Emoore...I tried to switch to Grain free...but the problem got worse. I am now thinking it is more the "chicken" than the grains....since that is the "constant" in all the foods I am choosing.


----------



## pmerandi18 (Jan 13, 2011)

You may want to also look at Innova Large Breed Puppy.

Pet Products - Healthy Dog Food, Natural Cat Food, Gourmet Dog Biscuits ? Innova Holistic Pet Food


----------



## GSDElsa (Jul 22, 2009)

Oh, it definitely sounds like chicken might be the culprit since she's got the dry itchy skin on purina as well (quite possibly a combo of chicken AND grains).

Since you're thinking allergy definitely consider a LID at least for awhile. A lot of the foods have so many ingredients if you are having a problem it can be hard to narrow it down.

The projectile poops sounds a lot like the issues we had with Elsa. She started getting runny poops on BB Wilderness. We went to a chicken and rice bland diet and it turned to pure liquid mess--it was absolutely disgusting. Within 3 days of going to beef & sweet potato bland her poops were almost perfect.


----------



## crboggs (Nov 13, 2010)

We just converted our GSD pup and adult yellow lab from Purina One foods to Blue Buffalo foods.

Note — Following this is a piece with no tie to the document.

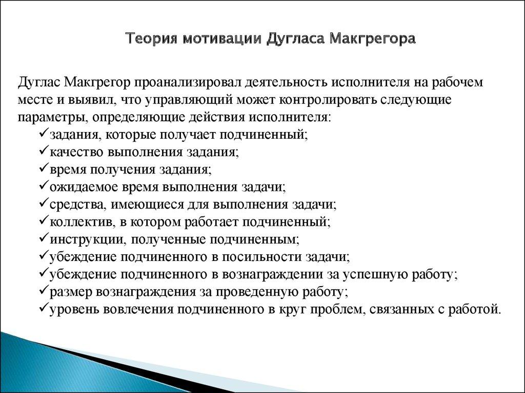 Теория мотивации Дугласа МакгрегораДуглас Макгрегор проанализировал деятельность исполнителя на рабочем

The pup is fine and putting on weight. The lab has horrible gas all of a sudden.

I think the lab is going back to Purina One soon.


----------



## ElvisP (May 19, 2010)

A couple of things:

1) The good, grain-free foods (we use Orijen LBP) are rich so it doesn't take as much food. Giving them too much of the good stuff will turn them into a runny poop machine. Elvis had this problem periodically until I pulled back on the serving.

2) Go slow on the switch ... it could take weeks. The slower the better and you might have to regulate it. I switched Elvis over about 4 weeks.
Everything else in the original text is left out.